A pesar de estos efectos positivos en la región, la factura que dejará el coronavirus para el norte de África y Oriente Medio va a ser muy abultada. “La mayor parte de las inversiones en la zona las hacían los países productores de petróleo y ahora las han reducido como consecuencia de la pandemia”, ha indicado Carlos Conde, director de la división de Oriente Medio y Norte de África de la OCDE durante su intervención en la sesión.

Participantes

Aunque la expansión de la pandemia en los países árabes ha sido hasta el momento menor de lo esperado, sus consecuencias económicas están siendo muy importantes como resultado de la confluencia de múltiples crisis y su impacto en las principales fuentes de recursos para estos países: las rentas del petróleo, las inversiones, las remesas y el turismo. Si la OCDE prevé una caída de las inversiones a nivel global del 30% para este año, en los países árabes este descenso podrá llegar al 45%, según Naciones Unidas, alcanzando cifras incluso mayores en países como Túnez, donde se reducirán un 82,3% según el FMI.

También las cadenas de suministros e intercambios entre las dos orillas del Mediterráneo se han visto perjudicadas como consecuencia de la COVID-19. “Hemos notado una ralentización de las importaciones desde el norte de África a España de automóviles y textil y se han fortalecido las exportaciones de carne a países como Arabia Saudí y Jordania. Aún está por ver si estas tendencias se consolidan a lo largo del tiempo”, ha explicado Luis Moreno, del Ministerio de Industria.

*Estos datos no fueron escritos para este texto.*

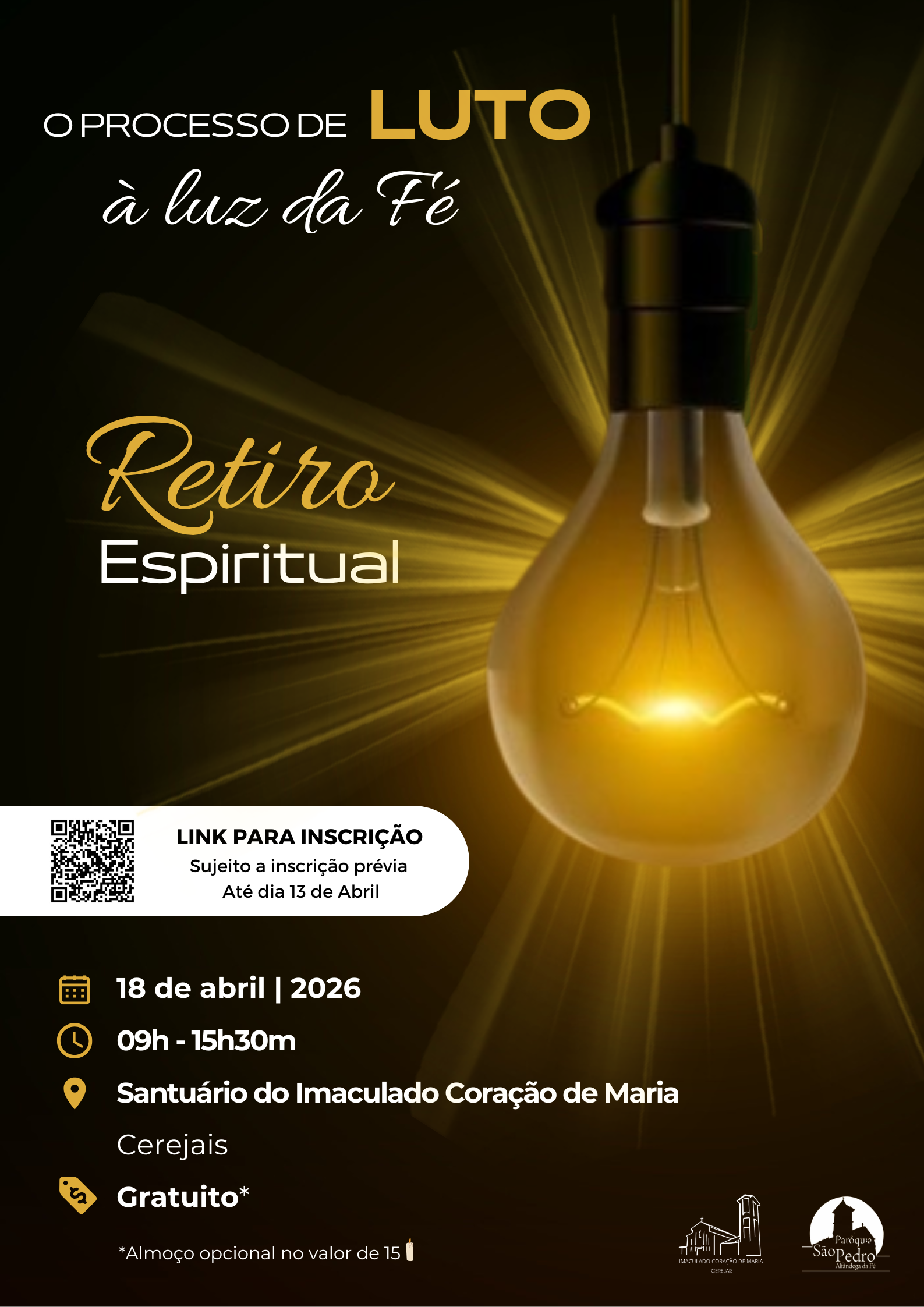 No próximo dia 18 de abril de 2026, o Santuário do Imaculado Coração de Maria, em conjunto com a Paróquia de São Pedro de Alfândega da Fé, promoverá um retiro espiritual subordinado ao tema “O processo de luto à luz da Fé”.

Los cambios de tendencia no quitan que la situación originada por la pandemia vaya a ser muy difícil de corregir a corto plazo. En 2020 ha tenido lugar una caída de las inversiones, algo que ya estaba ocurriendo antes de la expansión de la COVID-19. “Por dar una nota positiva, creo que este tiempo supone una oportunidad para acelerar la digitalización. En Marruecos, Túnez y Egipto se han dado pasos enormes en innovación en estos tres meses. Todavía es un fenómeno muy urbano, pero es un campo en el que las organizaciones pueden invertir para ayudar a la reconstrucción”, ha señalado Roger Albinaya, director del departamento de Políticas Regionales del Mediterráneo y Desarrollo en el Instituto Europeo del Mediterráneo y profesor de Economía.

Gráfico


Gráfico que muestra las importaciones y exportaciones intercambiadas entre España y Marruecos desde 2011 hasta 2018

La digitalización de la economía también supone la gran oportunidad de diversificar las actividades económicas en estos países, una cuestión pendiente para muchas naciones de la región. “Ha llegado la hora de reforzar el consumo y el sector servicios”, ha explicado Albinaya. Otro problema que será necesario atajar es la informalidad del empleo, en Líbano llega al 75% y en Marruecos al 63%, y la falta de inclusión de las mujeres en el mercado de trabajo.

A pesar de los retos que quedan por delante, la crisis de la COVID-19 ha mostrado ciertas fortalezas en estos países. Las Administraciones han actuado con muchísima rapidez cerrando fronteras y tratando de evitar que los contagios se expandieran sin control. Esta ágil actuación ha contenido la cifra de muertes e infectados y muchos países ahora comienzan la desescalada. Con el objetivo de salvar la temporada turística, Túnez reabrió sus fronteras el pasado 27 de junio y Egipto ha hecho lo mismo el 1 de julio.